### [TASK REQUIREMENTS]
Your output should be the lines below from the one holding "نسيج مموج حديث: مزهرية" through the one holding "ASOS DESIGN Tall", transcribed exactly, with no pictures.

*** DATA SUPPLIED

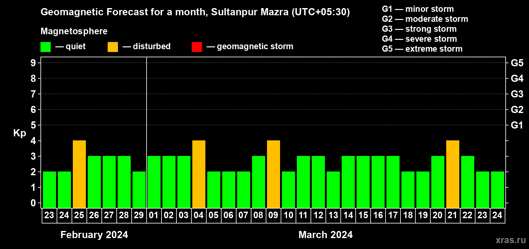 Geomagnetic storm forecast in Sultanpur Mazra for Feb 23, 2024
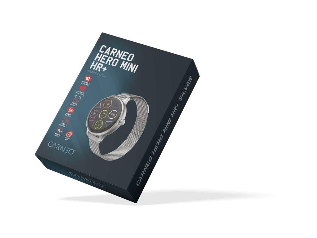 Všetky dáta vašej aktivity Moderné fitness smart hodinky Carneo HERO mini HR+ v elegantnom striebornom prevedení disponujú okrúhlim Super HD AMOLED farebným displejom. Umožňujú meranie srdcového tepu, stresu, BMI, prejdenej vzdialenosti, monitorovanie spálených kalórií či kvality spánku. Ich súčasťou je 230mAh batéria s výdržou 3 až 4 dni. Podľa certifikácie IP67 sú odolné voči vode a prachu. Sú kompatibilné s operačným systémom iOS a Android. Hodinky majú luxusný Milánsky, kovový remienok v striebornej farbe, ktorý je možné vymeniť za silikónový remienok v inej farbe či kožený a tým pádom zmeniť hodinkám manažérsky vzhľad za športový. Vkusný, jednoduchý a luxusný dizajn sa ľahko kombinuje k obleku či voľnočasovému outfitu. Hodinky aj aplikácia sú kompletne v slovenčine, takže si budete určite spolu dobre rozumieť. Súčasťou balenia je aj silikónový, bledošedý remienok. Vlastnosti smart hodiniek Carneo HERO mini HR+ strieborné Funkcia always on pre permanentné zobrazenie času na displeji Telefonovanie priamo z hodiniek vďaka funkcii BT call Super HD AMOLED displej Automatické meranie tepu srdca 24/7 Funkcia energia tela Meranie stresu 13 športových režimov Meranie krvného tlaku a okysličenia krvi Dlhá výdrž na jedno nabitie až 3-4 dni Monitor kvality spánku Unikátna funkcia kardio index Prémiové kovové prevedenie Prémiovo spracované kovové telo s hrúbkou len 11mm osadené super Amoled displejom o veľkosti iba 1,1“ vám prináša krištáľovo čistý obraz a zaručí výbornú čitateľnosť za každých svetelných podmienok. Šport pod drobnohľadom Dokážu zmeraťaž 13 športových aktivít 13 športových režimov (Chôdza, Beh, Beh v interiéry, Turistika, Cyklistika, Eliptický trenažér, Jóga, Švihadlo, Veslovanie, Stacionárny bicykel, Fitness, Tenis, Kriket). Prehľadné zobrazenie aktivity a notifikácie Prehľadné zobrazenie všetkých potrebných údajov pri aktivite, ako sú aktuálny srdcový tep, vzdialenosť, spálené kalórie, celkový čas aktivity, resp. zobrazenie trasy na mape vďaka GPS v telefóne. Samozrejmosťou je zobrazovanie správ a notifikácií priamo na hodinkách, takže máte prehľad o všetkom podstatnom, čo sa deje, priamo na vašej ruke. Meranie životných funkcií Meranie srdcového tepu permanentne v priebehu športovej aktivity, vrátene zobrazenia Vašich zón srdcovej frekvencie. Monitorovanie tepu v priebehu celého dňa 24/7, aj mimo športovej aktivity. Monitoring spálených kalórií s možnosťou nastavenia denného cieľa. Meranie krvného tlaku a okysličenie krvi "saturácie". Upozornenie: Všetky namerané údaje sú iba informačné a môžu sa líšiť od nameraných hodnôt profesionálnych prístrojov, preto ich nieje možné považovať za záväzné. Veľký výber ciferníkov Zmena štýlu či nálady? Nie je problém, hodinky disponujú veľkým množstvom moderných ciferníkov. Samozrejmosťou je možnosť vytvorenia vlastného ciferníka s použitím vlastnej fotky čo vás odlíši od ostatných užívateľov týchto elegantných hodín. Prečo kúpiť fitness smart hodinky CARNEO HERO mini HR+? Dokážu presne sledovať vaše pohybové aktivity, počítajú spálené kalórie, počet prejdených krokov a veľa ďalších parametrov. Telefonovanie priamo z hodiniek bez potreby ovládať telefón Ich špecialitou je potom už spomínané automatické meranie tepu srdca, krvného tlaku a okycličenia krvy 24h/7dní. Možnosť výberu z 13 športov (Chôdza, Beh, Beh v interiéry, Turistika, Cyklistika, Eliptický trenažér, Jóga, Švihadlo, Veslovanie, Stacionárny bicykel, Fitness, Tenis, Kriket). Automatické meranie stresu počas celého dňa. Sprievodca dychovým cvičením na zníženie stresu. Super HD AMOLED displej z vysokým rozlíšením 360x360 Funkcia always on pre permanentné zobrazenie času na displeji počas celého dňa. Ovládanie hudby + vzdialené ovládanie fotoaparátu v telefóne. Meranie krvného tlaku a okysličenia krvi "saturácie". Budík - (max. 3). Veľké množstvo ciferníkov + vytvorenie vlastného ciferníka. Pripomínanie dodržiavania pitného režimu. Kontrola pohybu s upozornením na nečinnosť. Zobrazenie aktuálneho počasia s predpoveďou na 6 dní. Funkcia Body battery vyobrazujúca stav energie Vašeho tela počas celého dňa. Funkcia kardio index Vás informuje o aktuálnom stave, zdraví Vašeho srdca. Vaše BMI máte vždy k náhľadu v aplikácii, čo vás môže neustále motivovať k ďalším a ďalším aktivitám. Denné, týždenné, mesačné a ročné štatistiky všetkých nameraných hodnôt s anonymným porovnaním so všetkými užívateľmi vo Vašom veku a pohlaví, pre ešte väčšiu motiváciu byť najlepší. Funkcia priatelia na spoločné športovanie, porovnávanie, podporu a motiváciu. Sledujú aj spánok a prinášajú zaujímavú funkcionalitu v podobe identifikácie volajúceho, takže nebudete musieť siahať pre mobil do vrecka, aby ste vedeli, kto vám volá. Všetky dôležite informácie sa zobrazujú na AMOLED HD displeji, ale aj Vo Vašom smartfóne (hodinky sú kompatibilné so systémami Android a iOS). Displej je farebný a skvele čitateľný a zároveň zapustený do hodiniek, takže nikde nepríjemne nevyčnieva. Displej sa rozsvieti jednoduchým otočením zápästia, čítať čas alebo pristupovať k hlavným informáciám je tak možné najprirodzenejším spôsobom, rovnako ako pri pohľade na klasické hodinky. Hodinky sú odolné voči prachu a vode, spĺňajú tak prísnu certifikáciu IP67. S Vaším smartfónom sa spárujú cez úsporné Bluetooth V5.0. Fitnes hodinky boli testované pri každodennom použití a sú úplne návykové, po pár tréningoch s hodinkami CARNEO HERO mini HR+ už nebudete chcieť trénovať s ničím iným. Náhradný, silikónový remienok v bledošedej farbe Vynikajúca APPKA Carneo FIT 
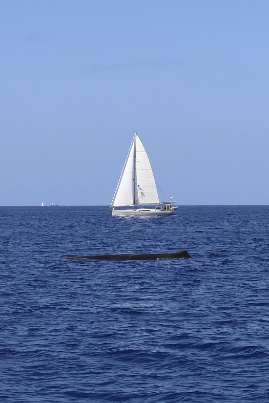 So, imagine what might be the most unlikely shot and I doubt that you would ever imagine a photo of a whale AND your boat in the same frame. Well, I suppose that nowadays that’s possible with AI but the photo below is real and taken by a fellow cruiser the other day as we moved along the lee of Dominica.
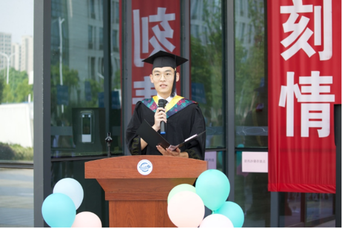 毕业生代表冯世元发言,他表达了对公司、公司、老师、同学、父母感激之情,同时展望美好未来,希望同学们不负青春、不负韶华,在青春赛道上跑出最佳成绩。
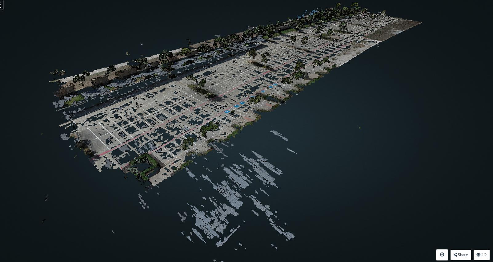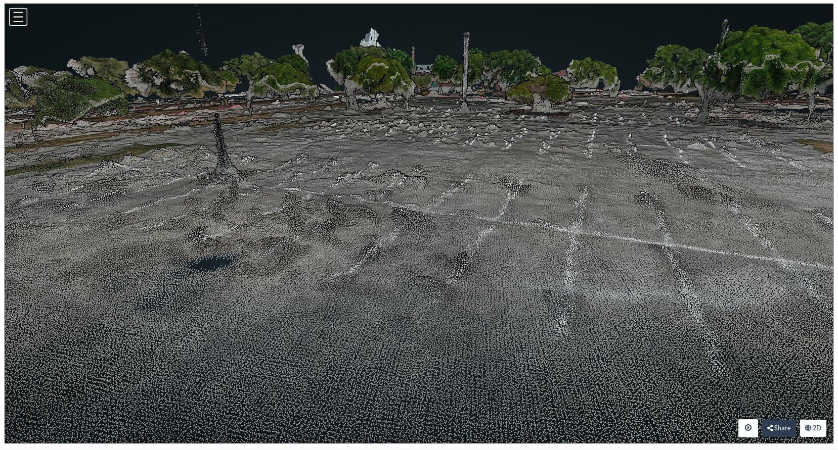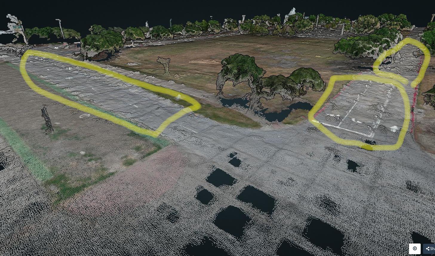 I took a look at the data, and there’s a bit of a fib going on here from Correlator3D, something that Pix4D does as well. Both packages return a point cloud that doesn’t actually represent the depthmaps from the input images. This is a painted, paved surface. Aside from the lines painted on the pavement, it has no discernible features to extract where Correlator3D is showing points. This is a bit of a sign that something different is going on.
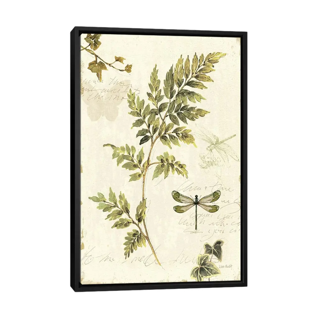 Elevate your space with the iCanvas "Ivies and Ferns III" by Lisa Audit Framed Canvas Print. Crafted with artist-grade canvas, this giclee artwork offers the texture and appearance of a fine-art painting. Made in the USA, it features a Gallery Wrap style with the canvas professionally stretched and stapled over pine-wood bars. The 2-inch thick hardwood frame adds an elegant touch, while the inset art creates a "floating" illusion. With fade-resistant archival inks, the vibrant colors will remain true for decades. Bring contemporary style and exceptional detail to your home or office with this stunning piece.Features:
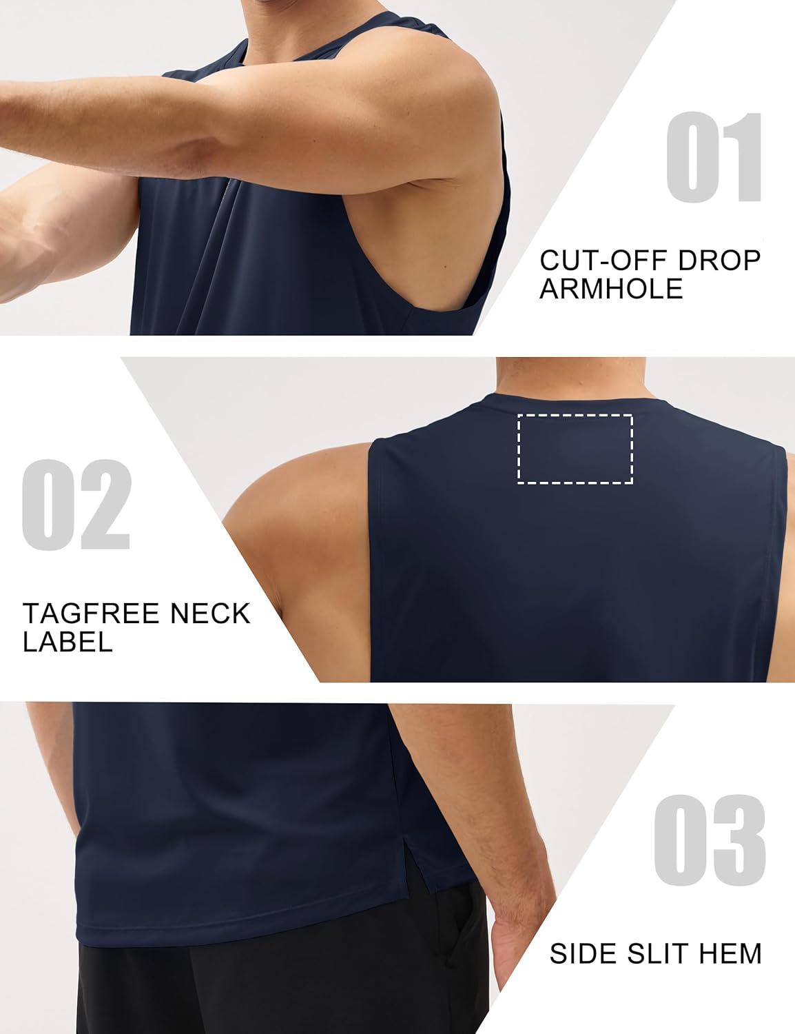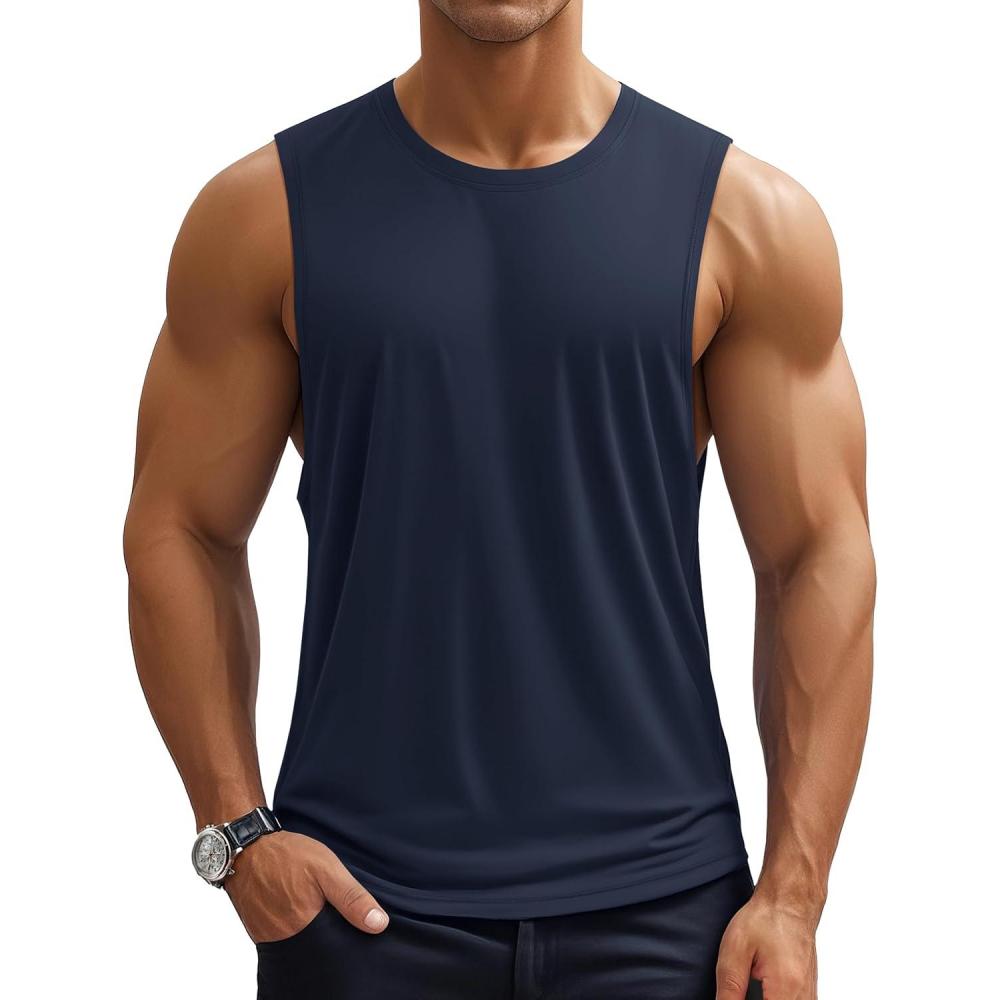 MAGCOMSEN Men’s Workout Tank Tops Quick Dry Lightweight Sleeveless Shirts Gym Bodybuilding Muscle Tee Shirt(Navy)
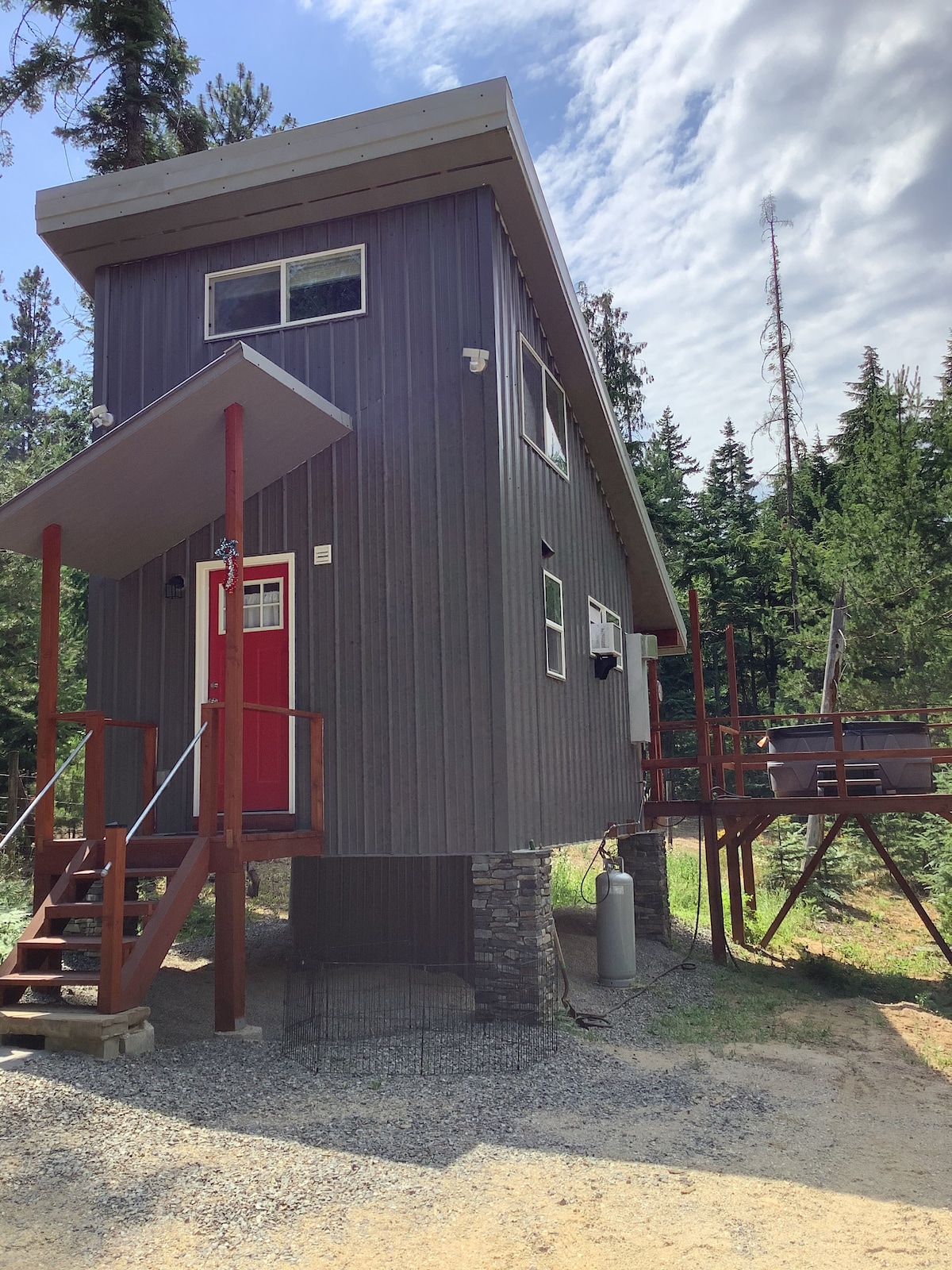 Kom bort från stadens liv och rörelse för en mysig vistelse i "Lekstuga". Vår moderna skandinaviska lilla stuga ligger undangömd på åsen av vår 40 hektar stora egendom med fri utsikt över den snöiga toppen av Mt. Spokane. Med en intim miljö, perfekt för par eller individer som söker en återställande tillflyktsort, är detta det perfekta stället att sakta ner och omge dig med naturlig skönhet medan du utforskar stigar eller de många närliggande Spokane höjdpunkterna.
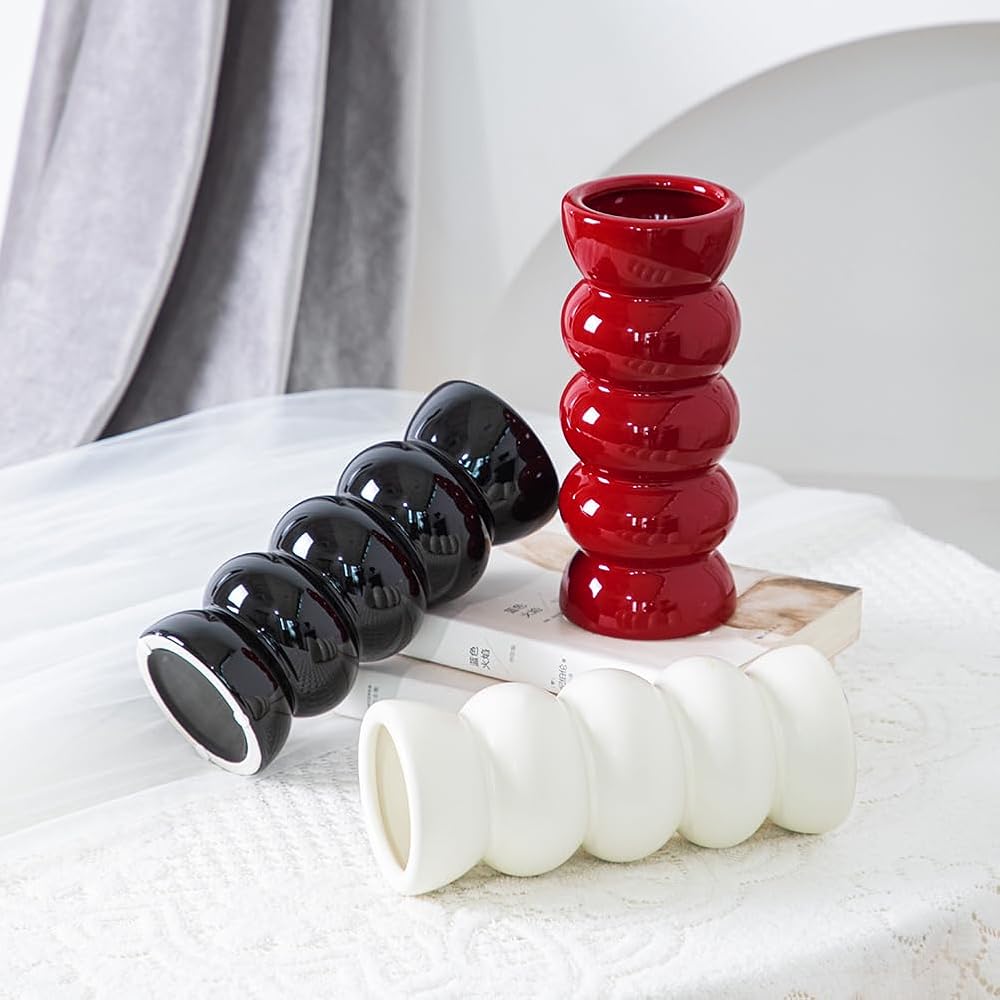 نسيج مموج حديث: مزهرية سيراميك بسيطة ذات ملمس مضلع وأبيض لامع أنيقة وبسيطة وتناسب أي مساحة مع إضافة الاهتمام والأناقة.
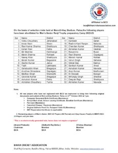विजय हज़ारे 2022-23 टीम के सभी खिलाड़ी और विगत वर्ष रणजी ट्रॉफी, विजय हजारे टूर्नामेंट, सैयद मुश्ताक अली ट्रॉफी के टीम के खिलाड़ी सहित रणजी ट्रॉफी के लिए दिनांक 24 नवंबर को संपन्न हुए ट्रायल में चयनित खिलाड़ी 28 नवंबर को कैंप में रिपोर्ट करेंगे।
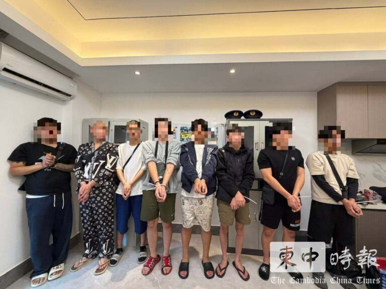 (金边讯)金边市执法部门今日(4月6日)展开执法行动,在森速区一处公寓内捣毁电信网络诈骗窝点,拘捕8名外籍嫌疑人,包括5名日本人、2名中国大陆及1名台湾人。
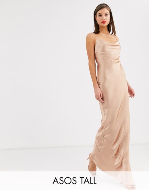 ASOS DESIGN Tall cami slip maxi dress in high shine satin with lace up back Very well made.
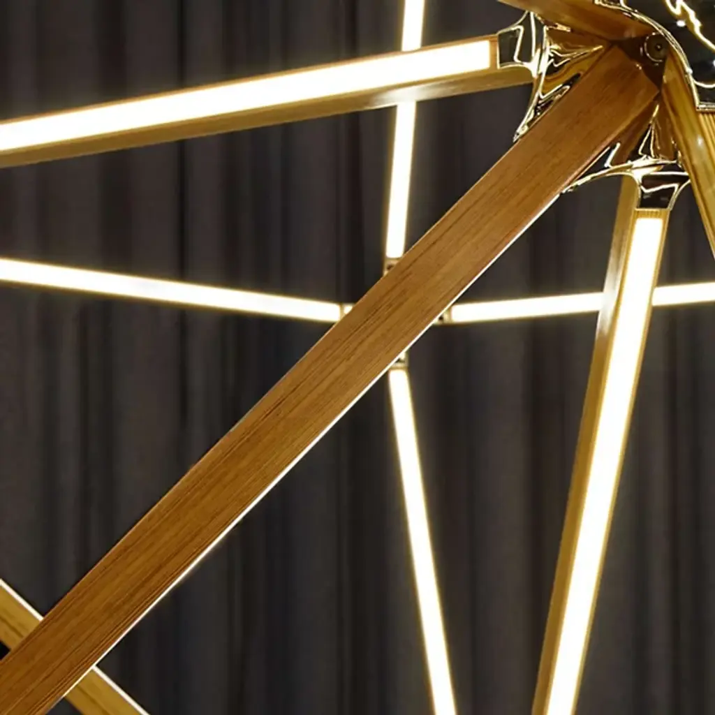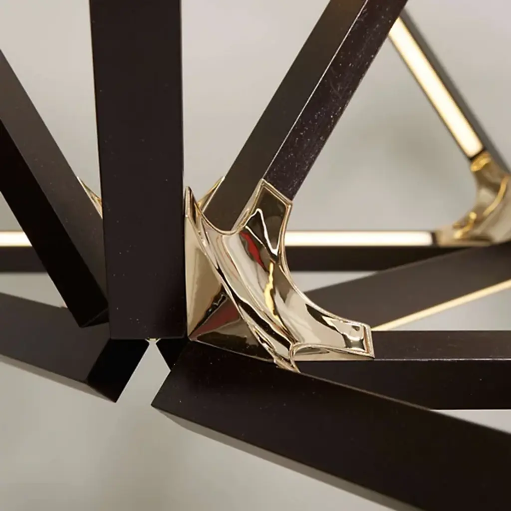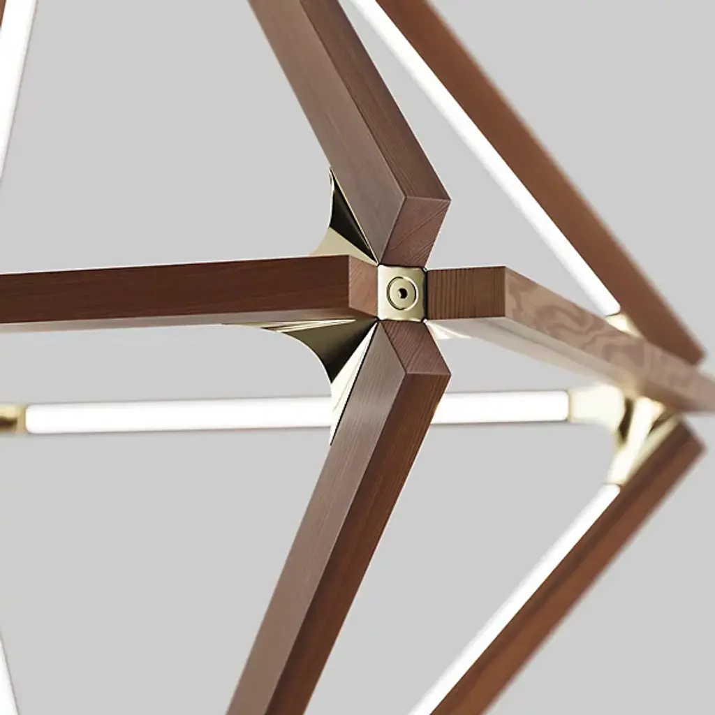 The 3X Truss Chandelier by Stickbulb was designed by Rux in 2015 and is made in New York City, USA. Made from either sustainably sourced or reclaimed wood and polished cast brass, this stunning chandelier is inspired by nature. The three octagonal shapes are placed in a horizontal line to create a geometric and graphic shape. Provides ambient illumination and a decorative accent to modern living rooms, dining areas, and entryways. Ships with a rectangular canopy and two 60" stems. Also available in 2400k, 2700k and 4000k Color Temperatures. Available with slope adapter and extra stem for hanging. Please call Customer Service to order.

******

### [YOUR SOLUTION]
 نسيج مموج حديث: مزهرية سيراميك بسيطة ذات ملمس مضلع وأبيض لامع أنيقة وبسيطة وتناسب أي مساحة مع إضافة الاهتمام والأناقة.
विजय हज़ारे 2022-23 टीम के सभी खिलाड़ी और विगत वर्ष रणजी ट्रॉफी, विजय हजारे टूर्नामेंट, सैयद मुश्ताक अली ट्रॉफी के टीम के खिलाड़ी सहित रणजी ट्रॉफी के लिए दिनांक 24 नवंबर को संपन्न हुए ट्रायल में चयनित खिलाड़ी 28 नवंबर को कैंप में रिपोर्ट करेंगे।
 (金边讯)金边市执法部门今日(4月6日)展开执法行动,在森速区一处公寓内捣毁电信网络诈骗窝点,拘捕8名外籍嫌疑人,包括5名日本人、2名中国大陆及1名台湾人。
 ASOS DESIGN Tall cami slip maxi dress in high shine satin with lace up back Very well made.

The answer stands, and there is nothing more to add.